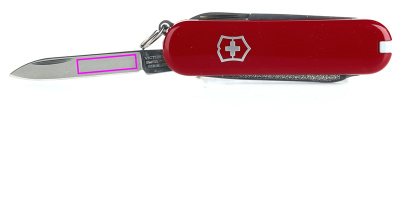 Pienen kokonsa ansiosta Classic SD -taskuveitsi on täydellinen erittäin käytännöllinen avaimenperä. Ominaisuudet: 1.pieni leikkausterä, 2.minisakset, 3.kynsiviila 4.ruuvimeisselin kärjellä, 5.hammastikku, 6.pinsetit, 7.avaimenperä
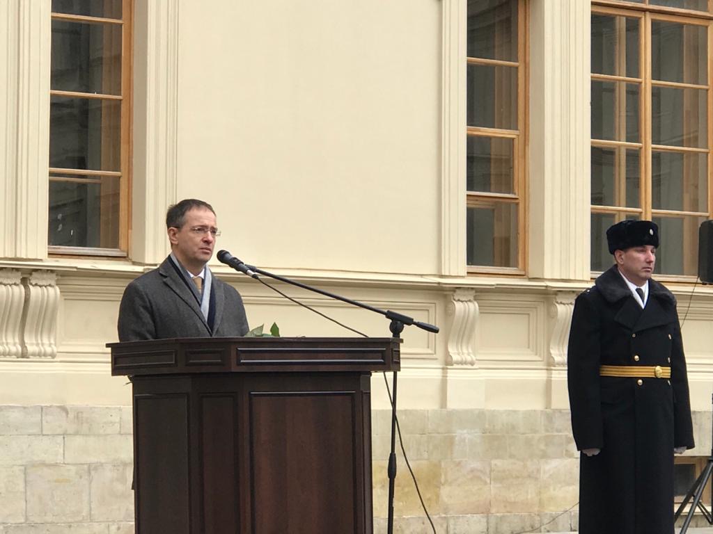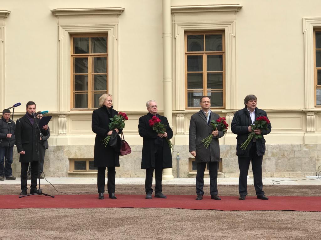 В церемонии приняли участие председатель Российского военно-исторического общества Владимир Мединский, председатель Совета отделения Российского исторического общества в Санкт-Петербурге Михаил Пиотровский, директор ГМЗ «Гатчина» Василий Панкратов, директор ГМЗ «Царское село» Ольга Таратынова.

---

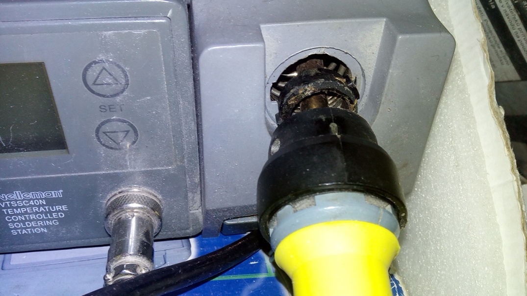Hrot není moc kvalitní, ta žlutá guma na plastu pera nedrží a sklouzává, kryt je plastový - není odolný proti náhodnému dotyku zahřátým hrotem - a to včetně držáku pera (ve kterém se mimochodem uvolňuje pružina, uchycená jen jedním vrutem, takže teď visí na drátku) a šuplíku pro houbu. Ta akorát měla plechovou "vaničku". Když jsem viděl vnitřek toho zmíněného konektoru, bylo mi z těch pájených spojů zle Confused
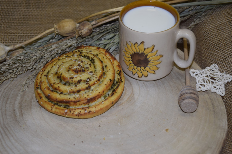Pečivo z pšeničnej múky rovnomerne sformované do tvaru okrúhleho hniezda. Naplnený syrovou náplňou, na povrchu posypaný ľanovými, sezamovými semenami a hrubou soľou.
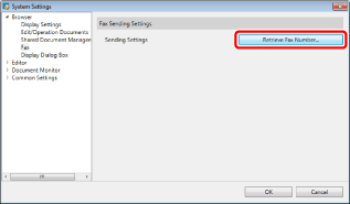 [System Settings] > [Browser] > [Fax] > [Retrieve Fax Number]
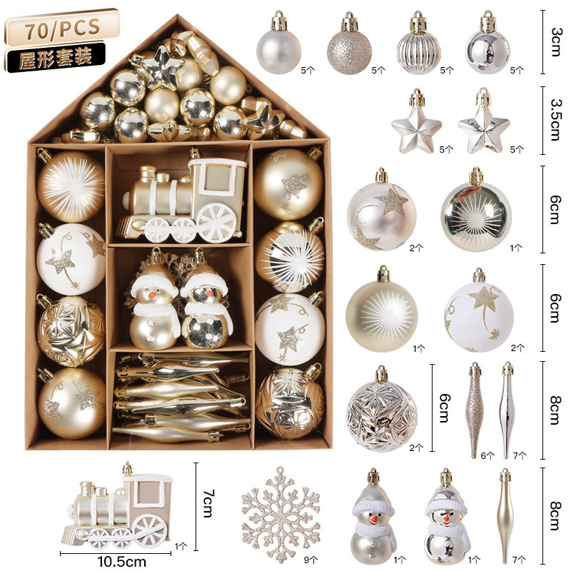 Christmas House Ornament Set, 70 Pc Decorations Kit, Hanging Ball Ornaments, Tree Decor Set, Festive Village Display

- [Problem]
Transcribe only the lines above that start at the line containing "Hrot není moc" and end at the line containing "Pečivo z pšeničnej". Omit pictures.

- [Solution for this task]
Hrot není moc kvalitní, ta žlutá guma na plastu pera nedrží a sklouzává, kryt je plastový - není odolný proti náhodnému dotyku zahřátým hrotem - a to včetně držáku pera (ve kterém se mimochodem uvolňuje pružina, uchycená jen jedním vrutem, takže teď visí na drátku) a šuplíku pro houbu. Ta akorát měla plechovou "vaničku". Když jsem viděl vnitřek toho zmíněného konektoru, bylo mi z těch pájených spojů zle Confused
Pečivo z pšeničnej múky rovnomerne sformované do tvaru okrúhleho hniezda. Naplnený syrovou náplňou, na povrchu posypaný ľanovými, sezamovými semenami a hrubou soľou.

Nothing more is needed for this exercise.